Patches for workstations, servers, and network devices must be applied within one month, with tighter timeframes applying in high-threat environments. Critically, the ACSC also mandates that vulnerability scanning occurs at least daily for internet-facing systems and at least fortnightly for workstations and non-internet-facing infrastructure not to replace patching, but to confirm it has actually occurred.

How Introspectus Works

From this inventory, Introspectus performs targeted web intelligence gathering. For each application identified, the platform locates the top five authoritative sources of patch and release information vendor security advisories, release notes, and vulnerability databases and retrieves that content into a central repository.
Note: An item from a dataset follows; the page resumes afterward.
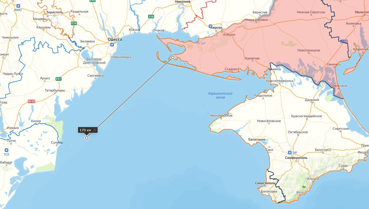 Разведывательный БПЛА ВС РФ проводит разведку острова Змеиный в Чёрном Море. Минимальное расстояние до позиций более

Aletheia, Introspectus’s AI analysis agent, then reads and analyses this content to extract the intelligence that matters for application patching: the latest available version, whether a release addresses a security vulnerability, the severity of that vulnerability, and all information relevant to the Essential Eight application patching requirements. This structured intelligence is mapped directly to the applicable ISM controls, producing defensible, audit-ready evidence of an organisation’s application patch compliance posture.

The Challenge with Patch Applications

A critical and frequently overlooked problem is the visibility gap. Organisations may believe their applications are current when, in reality, patches have silently failed, devices have missed deployment windows, or software has been installed outside of managed channels entirely.

Without continuous inspection at the endpoint level, these gaps go undetected until an audit or, worse, a breach.

Patch Applications Overview

Within the Essential Eight standard, patching applications is a dedicated and non-negotiable control. The ACSC specifies clear timeframes: critical vulnerabilities in internet-facing services must be addressed within 48 hours, commonly used applications such as office productivity suites, web browsers, email clients and PDF software must be patched within two weeks of release, and all other applications within one month.

For organisations in high-threat environments, the bar is higher still. Meeting these requirements consistently across hundreds of distinct applications deployed across thousands of endpoints is not achievable through manual effort alone.